Detail from ‘The Regulator,’ right, and ‘Bob's Rainbow,’ a self-portrait, by Robert Warrens on exhibit at the Ohr-O'Keefe Museum of Art in Biloxi.
Detail from ‘The Regulator,’ right, and ‘Bob's Rainbow,’ a self-portrait, by Robert Warrens on exhibit at the Ohr-O'Keefe Museum of Art in Biloxi. jcfitzhugh@sunherald.com

The works are large, colorful and instantly compelling. They’re also deeply personal.

Louisiana artist Robert Warrens uses life experiences to tell stories in his artwork, often using dark humor to tell those stories.

“Monsters, Creatures, Apparitions and Other Beasts” is now showcasing Warrens’ works in the IP Casino Resort Spa Exhibitions Gallery at the Ohr-O’Keefe Museum of Art in Biloxi. Through May 27, museum visitors can enter Warrens’ world and perhaps share his perspective.

Warrens was “heavily influenced by the Chicago Imagists of the ’60s,” said Ohr-O’Keefe Executive Director Kevin O’Brien.

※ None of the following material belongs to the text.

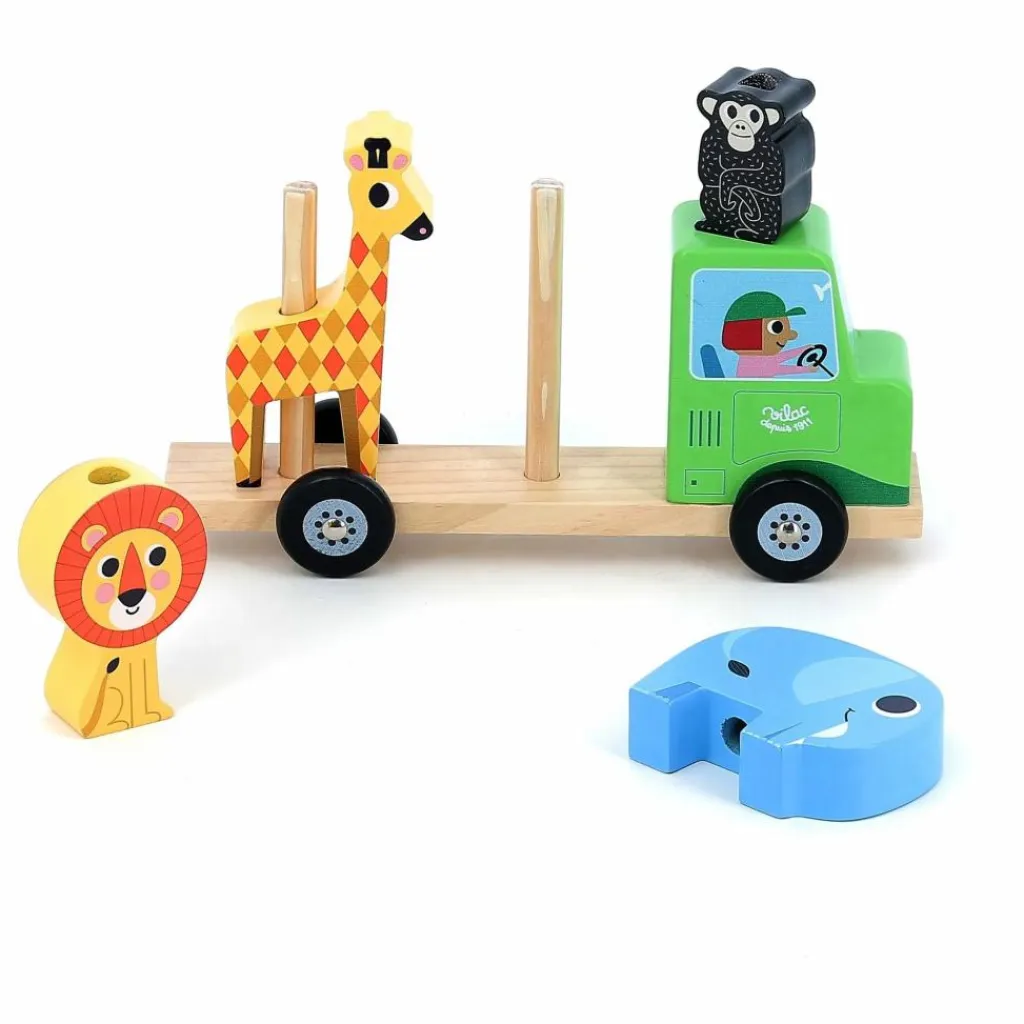 - • 1 camion et 1 remorque en bois.• 4 animaux en bois : éléphant, lion, singe et girafe.

The Imagists, artists associated with the School of the Art Institute of Chicago, incorporated surrealism and eschewed the snobbery of the New York Pop scene of the same era.

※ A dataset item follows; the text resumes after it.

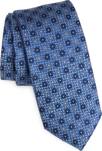 Mixed medallions bring smart, neat detailing to a tie crafted from textured silk to add polish and distinction to any formal or semiformal look. The rich coloring feels right at home at warm-weather occasions and adds a bold finish to an outfit when the weather cools.

Born in Wisconsin, he taught for a decade in West Virginia, then arrived in South Louisiana in the 1960s. He found likeminded artists in New Orleans, and they became known as Visionary Imagists. In 2005, Warrens and his wife, Sylvia Schmidt, lost their Lakeview cottage in the aftermath of Hurricane Katrina and moved to Mandeville, where they had an “art house in the woods.” They still live in Mandeville, where Warrens, now in his early 80s, continues to work.

Katrina and the BP oil spill of 2008 became a double attack on the region, heavily influencing Warrens’ work as well as his own personal life. In fact, Warrens often uses experiences in his works. “A Dream Rescuing Precious Treasures After the Levees Broke” shows him and Schmidt in a rowboat, Schmidt draped over objects lost in the flooding, anguish showing in her face. Nearby is a self portrait, “Bob’s Rainbow.”

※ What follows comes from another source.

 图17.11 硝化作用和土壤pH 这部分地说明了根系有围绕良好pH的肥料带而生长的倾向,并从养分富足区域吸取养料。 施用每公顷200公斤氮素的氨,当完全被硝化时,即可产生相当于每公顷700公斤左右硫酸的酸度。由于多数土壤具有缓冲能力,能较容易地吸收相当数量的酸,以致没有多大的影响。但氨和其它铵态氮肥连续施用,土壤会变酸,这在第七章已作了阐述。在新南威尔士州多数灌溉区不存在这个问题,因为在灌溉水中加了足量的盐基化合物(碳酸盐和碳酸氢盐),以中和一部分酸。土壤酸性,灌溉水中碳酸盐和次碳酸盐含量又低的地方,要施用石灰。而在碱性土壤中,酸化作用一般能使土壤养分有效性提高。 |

“He’s almost a figurative artist,” O’Brien said. “They’re not really abstract images but almost satirical.”

An environmentalist, Warrens was devastated by how the hurricane, a natural disaster, and the oil spill, a manmade one, both affected the South Louisiana environment. To work out his emotions, he turned to art. Not just paintings but also sculptures, such as “Ring of Fire.” The mixed media work shows a floating figure encircled by a ring of flames.

In “Painting the Ring of Fire,” Warrens, Schmidt and their dog are wing walking atop a wooden biplane over the oil-slicked water. Warrens has an easel set up while Schmidt watches their dog jump through a flaming hoop.

Warrens also sometimes includes subjects, beyond his wife and their dog, in more than one work. For example, the owl of the sculpture “Chairman of the Board” also can be seen in the painting “Reason Sleeps I.”

“It’s personal iconography,” O’Brien said. “He’s lived through all of this. He’s not just painting an image, he’s painting what he’s experienced.”

“I’m always thrilled by his work,” O’Brien said.

Tammy Smith: 228-896-2130, @Simmiefran1

If you go

What: ‘Monsters, Creatures, Apparitions and Other Beasts,’ works by Robert Warrens

Where: Ohr-O’Keefe Museum of Art, 386 U.S. 90, Biloxi

When: through May 27

Details: The exhibition, spanning 50 years, is in the IP Casino Resort Spa Exhibitions Gallery. Regular museum hours are 10 a.m. to 5 p.m. Tuesday through Saturday. Admission is $10 for adults (18 and over), $8 for seniors (60 and over), $5 students (with ID), free for children under 5 and $8 for AAA members and military (with ID). Members get in free with membership card. The temporary welcome center is the the Center for Ceramics on the second floor.